Exactly as written and without the pictures, output the entries below.
━━━━━ Record excerpts
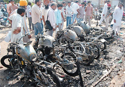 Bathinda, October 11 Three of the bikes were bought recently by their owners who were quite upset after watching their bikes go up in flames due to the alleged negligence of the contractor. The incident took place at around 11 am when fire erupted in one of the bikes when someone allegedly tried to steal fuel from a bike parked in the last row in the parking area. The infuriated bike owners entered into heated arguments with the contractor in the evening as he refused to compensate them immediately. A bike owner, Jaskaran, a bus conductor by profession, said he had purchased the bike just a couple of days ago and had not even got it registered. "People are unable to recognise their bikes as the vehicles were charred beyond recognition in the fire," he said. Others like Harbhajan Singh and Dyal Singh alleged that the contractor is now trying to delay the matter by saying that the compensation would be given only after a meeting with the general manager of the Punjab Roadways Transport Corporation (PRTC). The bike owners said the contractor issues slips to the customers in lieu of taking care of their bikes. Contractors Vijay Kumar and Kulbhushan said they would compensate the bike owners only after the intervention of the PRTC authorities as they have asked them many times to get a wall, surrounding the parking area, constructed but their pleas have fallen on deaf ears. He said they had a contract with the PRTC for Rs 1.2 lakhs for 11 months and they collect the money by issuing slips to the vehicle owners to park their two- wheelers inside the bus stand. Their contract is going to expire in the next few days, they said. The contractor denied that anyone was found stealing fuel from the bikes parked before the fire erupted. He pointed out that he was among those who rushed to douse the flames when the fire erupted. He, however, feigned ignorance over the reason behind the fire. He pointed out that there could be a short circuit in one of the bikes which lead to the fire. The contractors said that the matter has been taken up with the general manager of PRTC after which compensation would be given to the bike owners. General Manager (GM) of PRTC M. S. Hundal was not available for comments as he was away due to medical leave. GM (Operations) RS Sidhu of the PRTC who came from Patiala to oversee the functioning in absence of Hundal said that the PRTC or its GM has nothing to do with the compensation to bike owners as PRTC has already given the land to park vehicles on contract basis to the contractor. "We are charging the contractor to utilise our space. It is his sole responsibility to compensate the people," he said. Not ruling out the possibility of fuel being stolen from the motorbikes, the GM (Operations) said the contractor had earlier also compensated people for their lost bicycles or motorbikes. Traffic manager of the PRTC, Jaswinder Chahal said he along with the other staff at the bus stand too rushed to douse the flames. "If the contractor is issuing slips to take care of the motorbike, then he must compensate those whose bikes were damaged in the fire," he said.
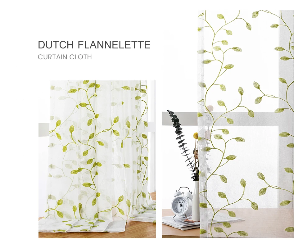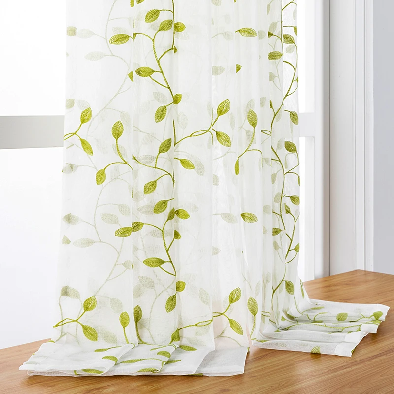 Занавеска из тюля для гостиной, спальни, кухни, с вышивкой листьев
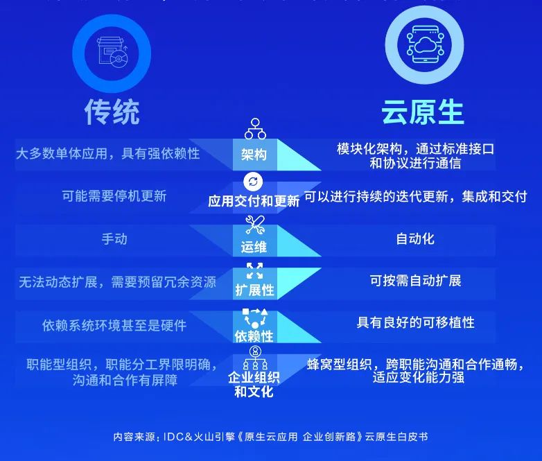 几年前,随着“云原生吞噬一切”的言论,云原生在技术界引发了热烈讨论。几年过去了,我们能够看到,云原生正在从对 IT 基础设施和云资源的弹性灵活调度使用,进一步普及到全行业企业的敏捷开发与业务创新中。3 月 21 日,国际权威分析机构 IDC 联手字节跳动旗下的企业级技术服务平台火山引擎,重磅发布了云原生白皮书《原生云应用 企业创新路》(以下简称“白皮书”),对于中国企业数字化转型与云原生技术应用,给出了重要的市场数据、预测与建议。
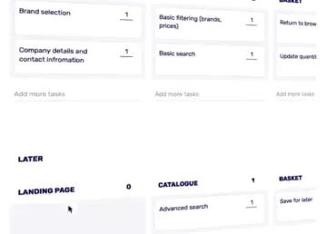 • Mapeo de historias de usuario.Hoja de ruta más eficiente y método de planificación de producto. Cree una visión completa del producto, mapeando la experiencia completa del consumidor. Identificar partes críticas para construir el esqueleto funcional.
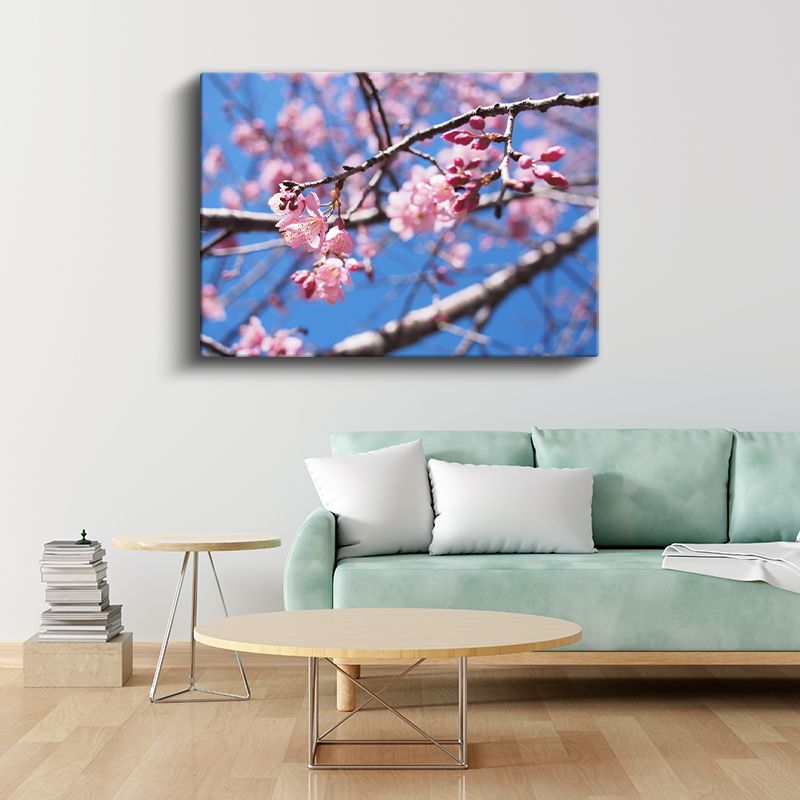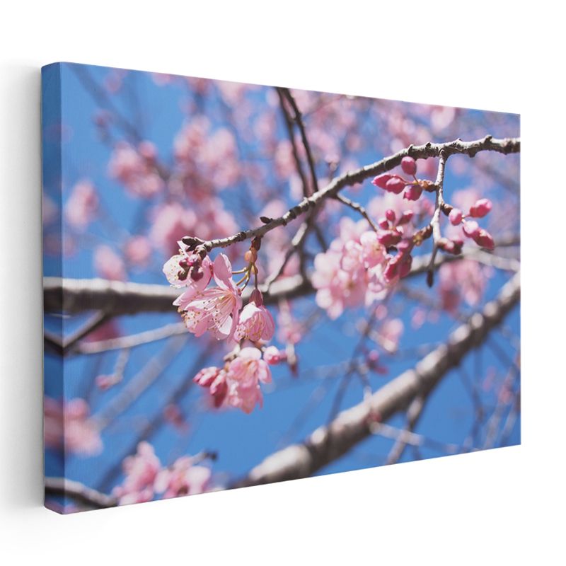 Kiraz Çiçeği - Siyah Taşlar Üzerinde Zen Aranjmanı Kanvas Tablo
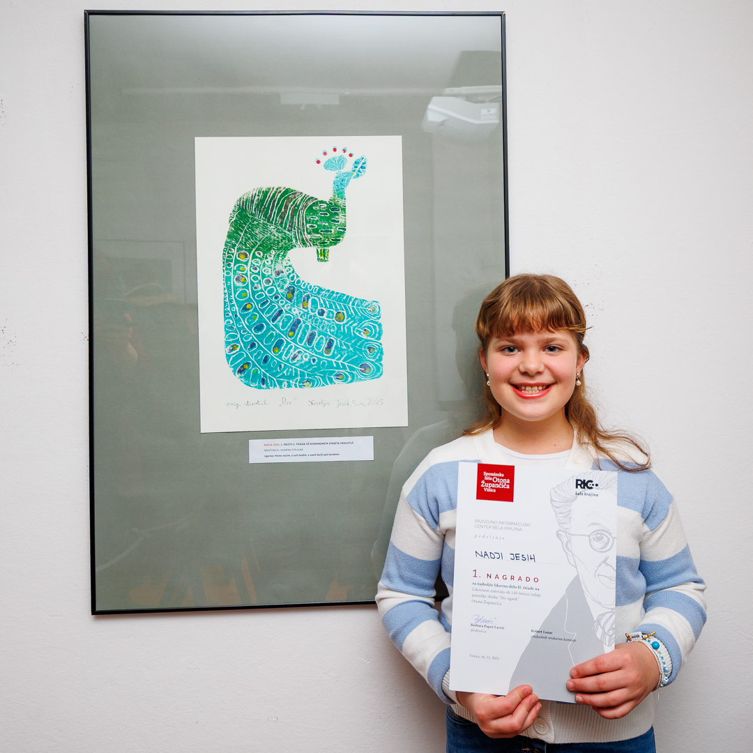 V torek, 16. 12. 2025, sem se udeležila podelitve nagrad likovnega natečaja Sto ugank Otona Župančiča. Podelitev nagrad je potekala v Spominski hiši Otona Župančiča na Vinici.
━━━━━━━━━━
## [Exercise result]
 Bathinda, October 11 Three of the bikes were bought recently by their owners who were quite upset after watching their bikes go up in flames due to the alleged negligence of the contractor. The incident took place at around 11 am when fire erupted in one of the bikes when someone allegedly tried to steal fuel from a bike parked in the last row in the parking area. The infuriated bike owners entered into heated arguments with the contractor in the evening as he refused to compensate them immediately. A bike owner, Jaskaran, a bus conductor by profession, said he had purchased the bike just a couple of days ago and had not even got it registered. "People are unable to recognise their bikes as the vehicles were charred beyond recognition in the fire," he said. Others like Harbhajan Singh and Dyal Singh alleged that the contractor is now trying to delay the matter by saying that the compensation would be given only after a meeting with the general manager of the Punjab Roadways Transport Corporation (PRTC). The bike owners said the contractor issues slips to the customers in lieu of taking care of their bikes. Contractors Vijay Kumar and Kulbhushan said they would compensate the bike owners only after the intervention of the PRTC authorities as they have asked them many times to get a wall, surrounding the parking area, constructed but their pleas have fallen on deaf ears. He said they had a contract with the PRTC for Rs 1.2 lakhs for 11 months and they collect the money by issuing slips to the vehicle owners to park their two- wheelers inside the bus stand. Their contract is going to expire in the next few days, they said. The contractor denied that anyone was found stealing fuel from the bikes parked before the fire erupted. He pointed out that he was among those who rushed to douse the flames when the fire erupted. He, however, feigned ignorance over the reason behind the fire. He pointed out that there could be a short circuit in one of the bikes which lead to the fire. The contractors said that the matter has been taken up with the general manager of PRTC after which compensation would be given to the bike owners. General Manager (GM) of PRTC M. S. Hundal was not available for comments as he was away due to medical leave. GM (Operations) RS Sidhu of the PRTC who came from Patiala to oversee the functioning in absence of Hundal said that the PRTC or its GM has nothing to do with the compensation to bike owners as PRTC has already given the land to park vehicles on contract basis to the contractor. "We are charging the contractor to utilise our space. It is his sole responsibility to compensate the people," he said. Not ruling out the possibility of fuel being stolen from the motorbikes, the GM (Operations) said the contractor had earlier also compensated people for their lost bicycles or motorbikes. Traffic manager of the PRTC, Jaswinder Chahal said he along with the other staff at the bus stand too rushed to douse the flames. "If the contractor is issuing slips to take care of the motorbike, then he must compensate those whose bikes were damaged in the fire," he said.
 Занавеска из тюля для гостиной, спальни, кухни, с вышивкой листьев
 几年前,随着“云原生吞噬一切”的言论,云原生在技术界引发了热烈讨论。几年过去了,我们能够看到,云原生正在从对 IT 基础设施和云资源的弹性灵活调度使用,进一步普及到全行业企业的敏捷开发与业务创新中。3 月 21 日,国际权威分析机构 IDC 联手字节跳动旗下的企业级技术服务平台火山引擎,重磅发布了云原生白皮书《原生云应用 企业创新路》(以下简称“白皮书”),对于中国企业数字化转型与云原生技术应用,给出了重要的市场数据、预测与建议。
 • Mapeo de historias de usuario.Hoja de ruta más eficiente y método de planificación de producto. Cree una visión completa del producto, mapeando la experiencia completa del consumidor. Identificar partes críticas para construir el esqueleto funcional.
 Kiraz Çiçeği - Siyah Taşlar Üzerinde Zen Aranjmanı Kanvas Tablo
 V torek, 16. 12. 2025, sem se udeležila podelitve nagrad likovnega natečaja Sto ugank Otona Župančiča. Podelitev nagrad je potekala v Spominski hiši Otona Župančiča na Vinici.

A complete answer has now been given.